Inventories are valued at cost or market price whichever is lower except the following:

a)    Shares, debentures and other financial instruments held as stock in trade.

b)   Live stocks and agricultural products valued at net realisable value.

c)    Work in progress in the service and construction business.

Cost of Inventories:

Cost of inventories comprise all costs of purchase, costs of conversion and other costs incurred in bringing the inventories to their present condition and location.

Costs of purchase include:

a)    Purchase price excluding trade discounts, rebates, etc.

b)   Duties and taxes other than refundable duties and taxes

c)    Freight inwards

d)   Other expenditure directly attributable to the acquisition

Costs of conversion include:

a)    All the cost directly related to production such as direct labour.

b)   Allocation of fixed production overheads based on normal capacity.

c)    Variable production overheads assigned to each unit of production on the basis of the actual use of production facilities

Other costs: All other costs which are incurred to bring the inventories to their present conditions and locations such as designing, packaging, transportation etc.
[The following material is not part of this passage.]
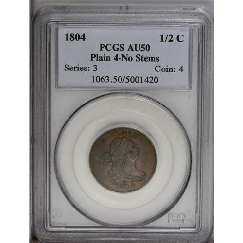 1804 1/2 C Plain 4, No Stems AU50 PCGS. C-13, B-10, R.

But other costs do not include:

a)    Abnormal wastage

b)   Storage costs unless necessary in the production process prior to a further production stage

c)    Selling and Distribution costs

d)   Administrative overheads that do not contribute to bringing the inventories to their present location and condition

e)   Unallocated overheads

Methods of valuation of inventories:

The cost of inventories of items that are not ordinarily interchangeable and goods or services produced and segregated for specific projects should be assigned by specific identification of their individual costs.

For other inventories, cost can be assigned by using the first-in, first-out (FIFO), or weighted average cost formula, whichever reflects the fairest possible approximation to the cost incurred in bringing the inventories to their present location and condition.

However, when it is difficult to calculate the cost using above methods, Standard cost and Retail cost can be used if the results approximate the actual cost.